Show a summary per file

File	Description
internal/tokens/tokens.go	Adds `CountLines` and shared `DefaultCounter()` initialization.
internal/tokens/tokens_test.go	Adds test coverage for `CountLines`.
internal/skill/skill.go	Uses shared BPE counter during `UnmarshalText()` token calculation.
internal/checks/token_limits.go	Stops CRLF normalization before token counting.
internal/checks/token_budget_test.go	Adds test asserting token budget uses shared BPE counting on raw content (LF/CRLF).
cmd/waza/tokens/helpers.go	Removes local `countLines` helper (replaced by `tokens.CountLines`).
cmd/waza/tokens/count.go	Stops CRLF normalization and uses `tokens.CountLines`.
cmd/waza/tokens/compare.go	Uses `tokens.CountLines` for line counting.
internal/tokens/bpe/lru.go	Makes LRU cache operations mutex-protected for concurrent access.
internal/tokens/bpe/lru_test.go	Adds a concurrent-access test for the LRU cache.
cmd/waza/dev/helpers_test.go	Adds output-matching helper that masks token counts while still verifying initial token count.
cmd/waza/dev/loop_test.go	Updates dev loop tests to use the new output-matching helper and initial-skill token counts.
cmd/waza/cmd_check_test.go	Adds integration test ensuring `check` token budget matches `tokens count` for the same file.

Copilot

Pull request overview

Aligns token counting across waza check and waza tokens count by switching skill token computation to the shared BPE tokenizer and preserving raw line endings during tokenization to match BPE behavior.

Changes:

Use a shared default BPE counter (tokens.DefaultCounter) for consistent token counts.
Stop CRLF→LF normalization before tokenizing; centralize line counting via tokens.CountLines.
Add/update tests and introduce testutil.StripTokenCounts to make CLI output assertions robust across platforms/tokenization changes.

Reviewed changes

Copilot reviewed 16 out of 16 changed files in this pull request and generated 5 comments.

Show a summary per file

File	Description
internal/tokens/tokens.go	Adds `CountLines` and introduces a shared default counter used by `NewCounter`.
internal/tokens/tokens_test.go	Adds `CountLines` unit tests.
internal/tokens/bpe/lru.go	Makes LRU cache concurrency-safe via a mutex.
internal/tokens/bpe/lru_test.go	Adds a concurrent access test for the LRU cache.
internal/testutil/tokenstrip.go	Adds helper to mask token-count numbers in CLI output tests.
internal/skill/skill.go	Switches `Skill.Tokens` to BPE-based counting and uses `tokens.CountLines`.
internal/checks/token_limits.go	Stops normalizing CRLF to LF before counting tokens.
internal/checks/token_budget_test.go	Adds coverage ensuring token budgeting uses shared default tokenizer and raw content.
cmd/waza/tokens/helpers.go	Removes local `countLines` helper (replaced by `tokens.CountLines`).
cmd/waza/tokens/count.go	Stops normalizing CRLF to LF and uses `tokens.CountLines`.
cmd/waza/tokens/compare.go	Uses `tokens.CountLines` for line counts.
cmd/waza/tokens/count_test.go	Masks token counts in output comparisons.
cmd/waza/tokens/check_test.go	Masks token counts in output comparisons.
cmd/waza/dev/helpers_test.go	Adds `requireOutputMatch` to mask token counts but still validate the displayed token count.
cmd/waza/dev/loop_test.go	Updates assertions to use `requireOutputMatch` and validates token banner value against parsed skill tokens.
cmd/waza/cmd_check_test.go	Adds an integration-ish test ensuring `check` and `tokens count` agree for the same file.

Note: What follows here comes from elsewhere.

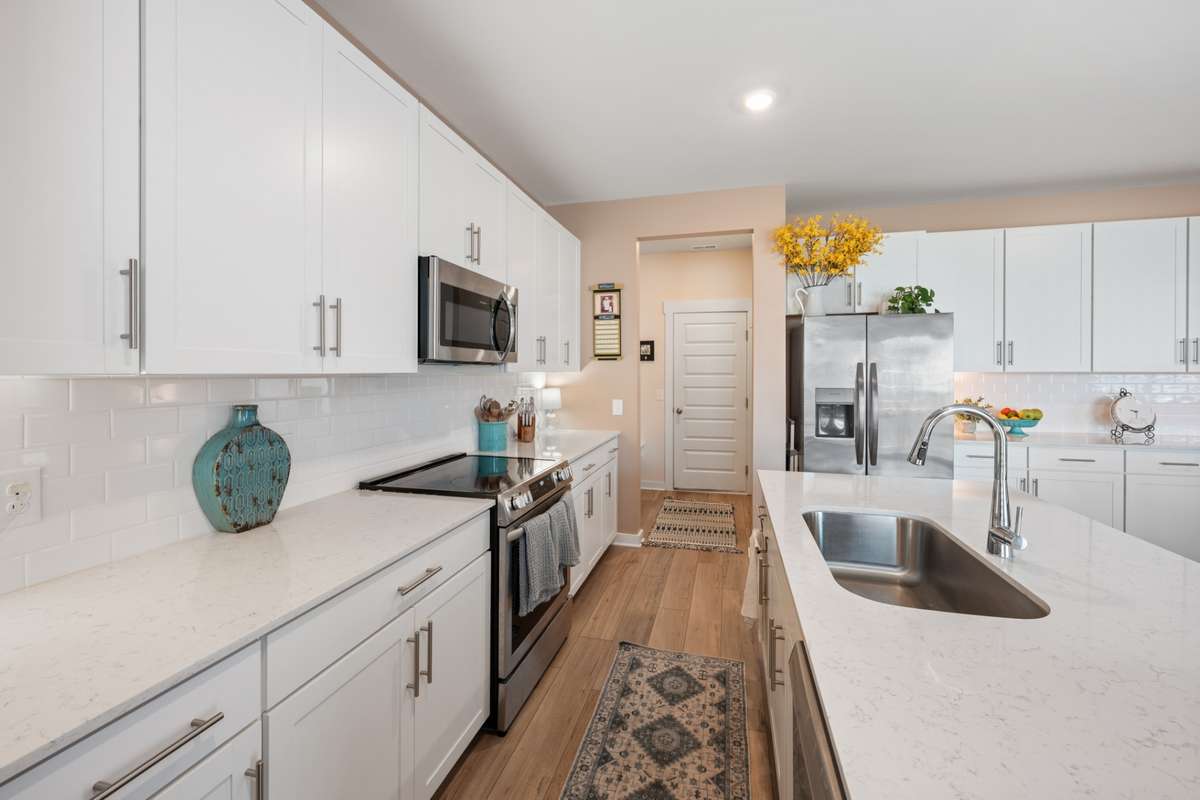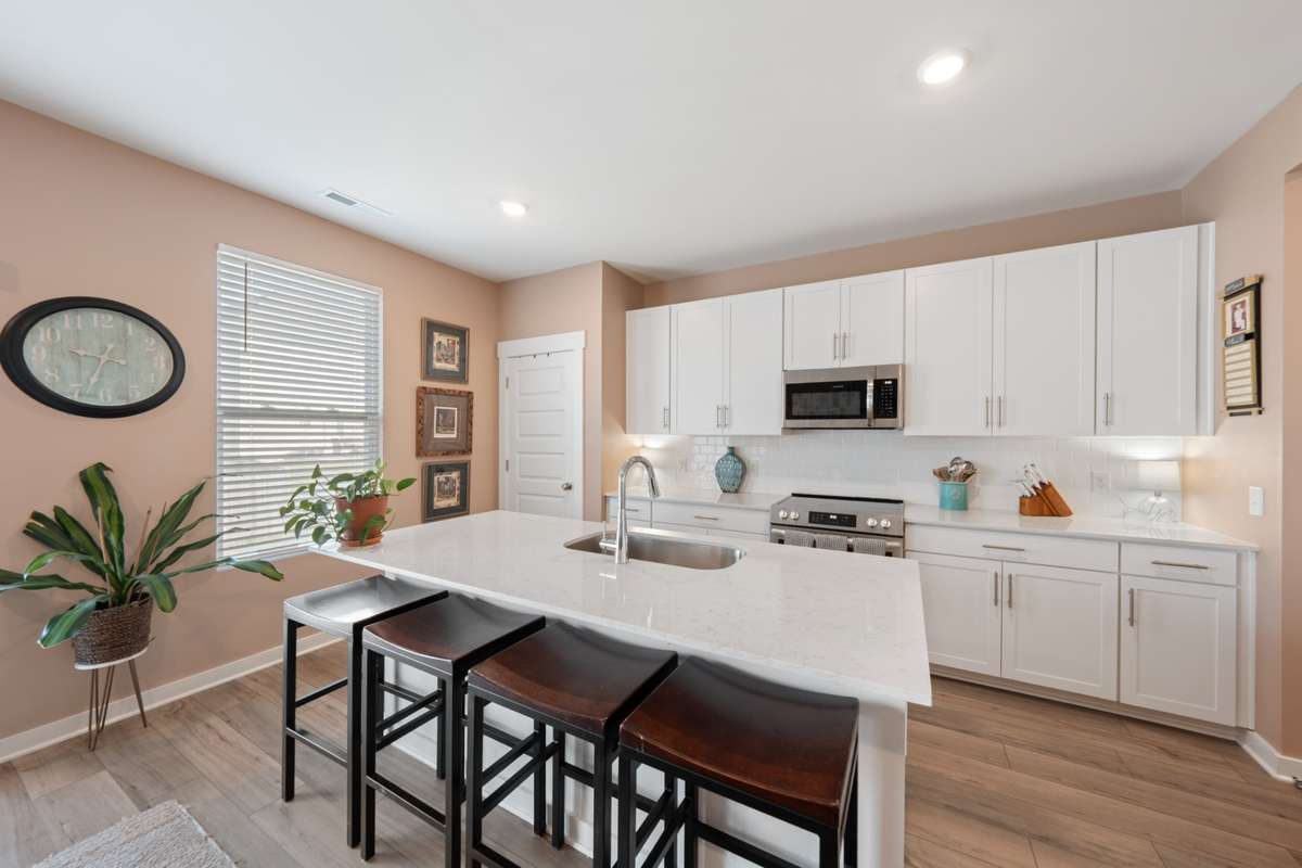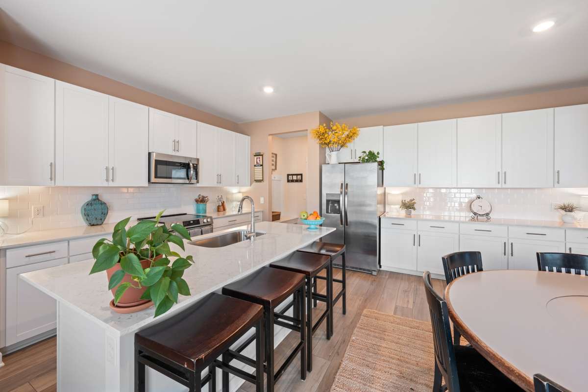 Upstairs is another living area and four more bedrooms and two full baths, including the Owner' s Suite. This 5 bedroom 3 and a half bath beautiful home includes 4' shaker cabinets, subway tile back- splash, quartz couter- tops. The HOA includes pool, playground and sidewalks, club house with access to golf course. This awesome home can be yours now.

codecov-commenter · 2026-03-19T18:00:23Z

Codecov Report

❌ Patch coverage is 80.64516% with 6 lines in your changes missing coverage. Please review.
⚠️ Please upload report for BASE (main@b07221f). Learn more about missing BASE report.

Files with missing lines	Patch %	Lines
internal/testutil/tokenstrip.go	0.00%	4 Missing ⚠️
internal/skill/skill.go	60.00%	1 Missing and 1 partial ⚠️

Additional details and impacted files

@@           Coverage Diff           @@
##             main     #146   +/-   ##
=======================================
  Coverage        ?   73.52%           
=======================================
  Files           ?      141           
  Lines           ?    15858           
  Branches        ?        0           
=======================================
  Hits            ?    11660           
  Misses          ?     3351           
  Partials        ?      847

Flag	Coverage Δ
go-implementation	`73.52% <80.64%> (?)`

Flags with carried forward coverage won't be shown. Click here to find out more.

☔ View full report in Codecov by Sentry.
📢 Have feedback on the report? Share it here.

🚀 New features to boost your workflow:

❄️ Test Analytics: Detect flaky tests, report on failures, and find test suite problems.
📦 JS Bundle Analysis: Save yourself from yourself by tracking and limiting bundle sizes in JS merges.

Copilot

Pull request overview

Aligns token counting across waza check and waza tokens count by switching Skill.Tokens to use the BPE tokenizer (and preserving raw line endings) so both commands report consistent counts.

Changes:

Introduces a shared default BPE token counter and reuses it across call sites.
Stops normalizing CRLF to LF before tokenization; updates line counting to a shared helper.
Updates/strengthens tests to be resilient to platform line endings and token-count variability in formatted output.

Reviewed changes

Copilot reviewed 16 out of 16 changed files in this pull request and generated 5 comments.

Show a summary per file

File	Description
internal/tokens/tokens.go	Adds `CountLines` and a shared `DefaultCounter`; routes `NewCounter` through the shared default for BPE.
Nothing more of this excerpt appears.